China's fintech sector grows fast amid tighter regulations: report

Tracy Li
Driven by the increased availability of third-party platforms, online financial services in China have seen rapid growth amid tightened regulations, Moody's Investors Service said. 
Tracy Li

Driven by the increased availability of third-party platforms, online financial services in China have seen rapid growth amid tightened regulations, Moody’s Investors Service said in a recent report.

Total outstanding consumer credit in China totaled 36 trillion yuan (US$5.2 trillion) as of the first half of 2018, with mortgage loans accounting for 67 percent, credit cards for 17 percent, and third-party platforms a combined 15 percent, according to economic data provider CEIC.

Excluding mortgages, the nation’s total outstanding consumer credit reached 12 trillion yuan as of the first six months of 2018, maintaining an annual growth rate of 28 percent since 2015, the report said.

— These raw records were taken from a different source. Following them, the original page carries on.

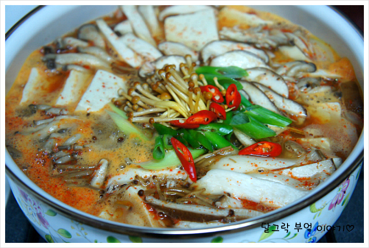 두부와 버섯은 금새 익으니 오래 끓이지 않아도 되구요~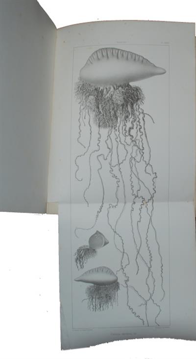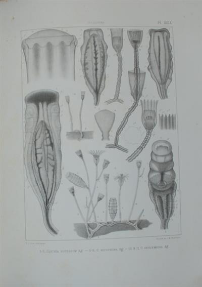 Vol. IV includes parts III-V of the second monograph: III. Discophorae; IV. Hydroidae; V. Homologies of the Radiata. The lithographic plates (numbered XX-XXIII, XXIIIa, XXIV-XXXV) are by H.J. Clark, who was employed by Agassiz to assist in the preparation of this series. Agassiz appeared as sole author of the work although Clark had performed much of the microscopical research and was responsible for large proportions of the text on jellyfish. This resulted in a dispute between the two men in which Clark circulated a statement of his case in an attempt to be recognised as an author.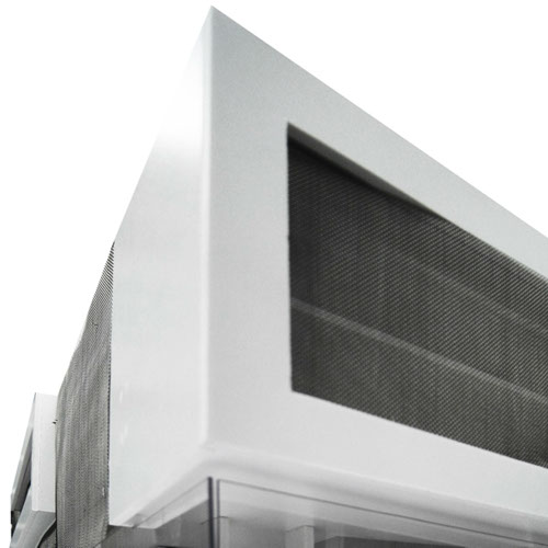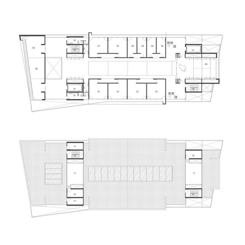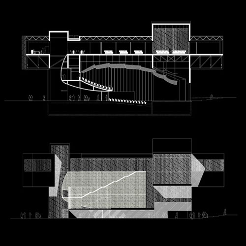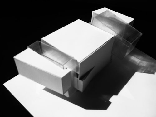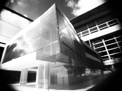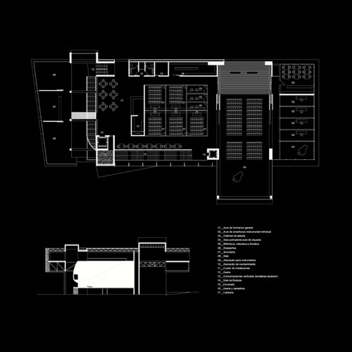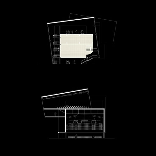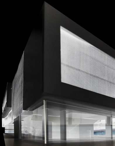 El edificio es sincero al mostrarse. Posee una piel invisible que envuelve un vacío fluctuante en su interior. La ligereza del espacio se contiene por la densidad del área docente, que desde su posición pesa sobre el frágil zócalo vidriado a doble altura. Sin embargo, este último cuerpo se oculta tras un velo metálico que lo insinúa en la medida que la reclusión del uso así como la orientación lo establece.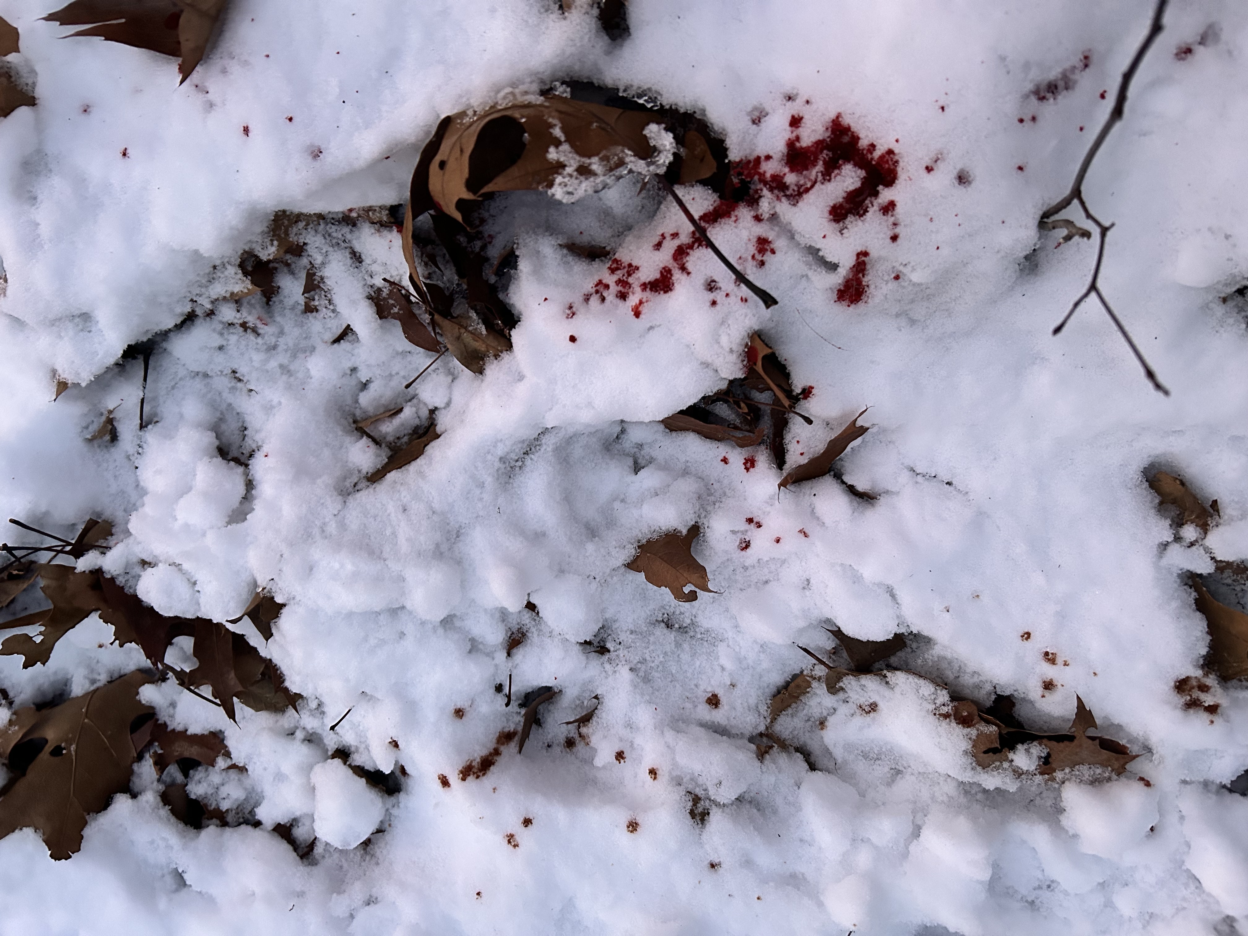 After about 40 minutes since the shot, I started trailing the blood in the snow and found him about 60 yards away, laying under a pine tree.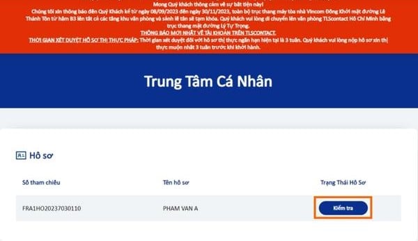 Đây là danh sách các hồ sơ khách hàng đã điền đơn và đặt lịch hẹn. Bạn nhấn vào “Kiểm tra” ở những hồ sơ mà cần tra cứu kết quả visa Pháp.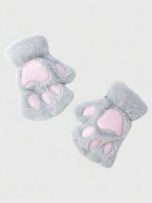 Kawaii 1 Pair Plush Cat Paw Fingerless Gloves, Suitable For Daily Wear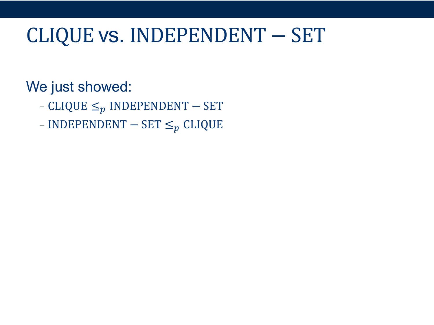 Either both CLIQUE and INDEPENDENT−SET are in 𝒫 or neither is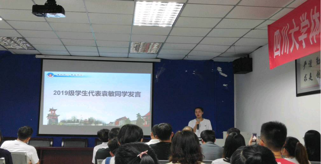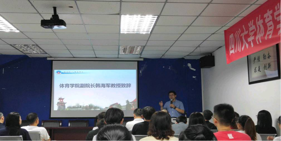 首先体育学院院长向勇教授致辞。第一,新学期新征程,对新来研究生表示欢迎和祝贺。第二,向院长对同学们也提出三点希望,一是珍惜研究生生活,利用多学科交叉融合环境,实现自身综合素质提升。二是希望三年学有所成,三是坚定目标,朝着方向不懈前进。第三,提出一点要求,做出表率,体现川大面貌,形象,川大体育人的精神。最后作为学长关心同学们学习生活,希望同学们顺利开启在川大学术之路。

The growth reflects increases personal income and consumer spending in China, and also the strong desire to generate returns above cash-deposit rates, Moody’s noted in the report.

In China, there are two main types of third-party platform, namely partnerships between financial institutions and technology companies, as well as peer-to-peer (P2P) platforms through which individuals, rather than financial institutions, make loans.

Thanks to these fintech firms, consumers and small companies now have easier access to loans and different types of investment, thereby helping support the country’s economic development.

For example, the number of consumers investing in wealth management products online jumped 66 percent to 169 million by the end of the first half of 2018, from the same period two years ago, according to the China Internet Network Information Center.

These products include those distributed through bank platforms and third-party platforms.

Meanwhile, the sector, especially P2P platforms, has suffered relatively high default rates and a number of them have failed. Data from Wangdaizhijia, a web portal that tracks the industry, indicated that the number of China’s operating P2P platforms has been reduced around a half as of the third quarter of 2018.

In response to the fragility of this unregulated industry, watchdogs have tightened supervision since the second half of 2016.

In particular, the People’s Bank of China and the China Banking and Insurance Regulatory Commission issued new regulations on 1 December 2017 that raised qualification requirements for lenders and curtailed their funding access.

For instance, the aggregate interest and fees that a lender charges a borrower cannot exceed 36 percent of the loan balance on an annualized basis. Further, banks are not allowed to accept guarantees from unqualified third-party online platforms.

Most recently, formal regulation of online financing was included in the 13th Five-Year Modern Financial System Plan jointly issued by nine government ministries in May 2018.

The rating agency predicts that in the near term, access to funding will remain a challenge for many third-party platforms, as China carries on its efforts to curb shadow banking.